If you want to do the anti v-lockup mod (pins, and gluing the two inners to the core) then you have to take the bumps off the small inner bits. I recommend leaving a small bump. And yes it is going to take time. If you want your V6 to function better you are just going to have to put up with that.


----------



## Shamah02 (Jun 23, 2009)

Cubes=Life said:


> I used a rasp, or as some people call, a file.
> 
> Mine got loose really fast, as you remember, lol.
> 
> ...



Yea hopefully. Yours was EXTREMELY loose!



mcciff2112 said:


> Shamah02 said:
> 
> 
> > Well I assembled my cube earlier with the corner, and inner edge mod ONLY and I didn't like the way it felt. So, I decided I'd complete the full mod. (probably not the pins though)
> ...



Yea I thought this is what I'd have to do. Before I sanded down the 12 big inner pieces only and that made the cube come out of alignment even more



Dene said:


> If you want to do the anti v-lockup mod (pins, and gluing the two inners to the core) then you have to take the bumps off the small inner bits. I recommend leaving a small bump. And yes it is going to take time. If you want your V6 to function better you are just going to have to put up with that.

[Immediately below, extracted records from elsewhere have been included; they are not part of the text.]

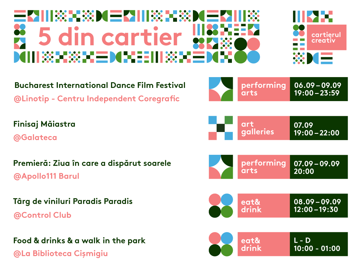 Vacation over! Am revenit cu recomandările săptămânale de 5 din cartier. Ce-i de făcut, văzut, ascultat, încercat în Cartierul Creativ, în săptămâna 3-9 septembrie:
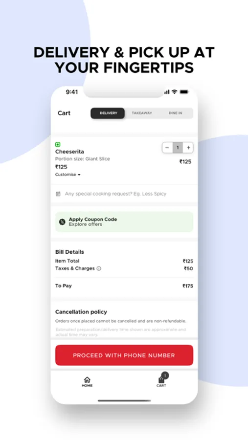*Easy order customization -- Order from our wide range of menu and easy customisation options and addons.
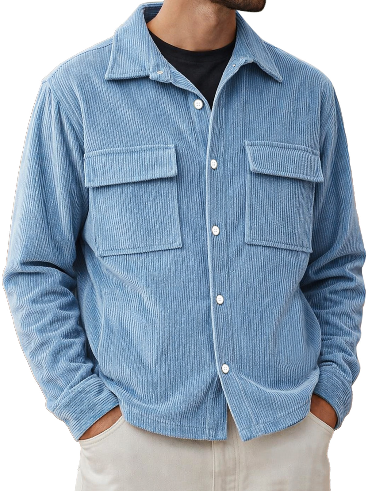 Men's Basic Double-pocket Corduroy Button-down Long-sleeved Shirt
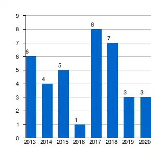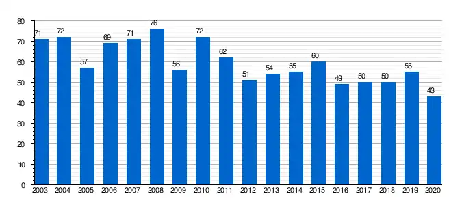 The Delegation of the Government manages the national registers of gender violence victims; the women register was created in 2003[3][4] and the childs register in 2013.[5] Since its creation, it has recorded more than 1,030 women and 34 minors murdered in this kind of violence.[6]

Well I guess I'll finish the full mod! Thanks for the help guys


----------



## luke1984 (Jun 23, 2009)

I personally feel there's absolutely no reason to remove the inner layer clicking. First of all it's a pain in the ass to sand down 22 very small pieces, especially if you have huge hands like me. And second: After breaking the cube in for a while the inner layer clicking isn't as annoying anymore. I can easily turn 3 layers with 1 finger. And I don't need to take the cube apart every now and then to put in new pins. I do think all other parts of the PiMod are a must.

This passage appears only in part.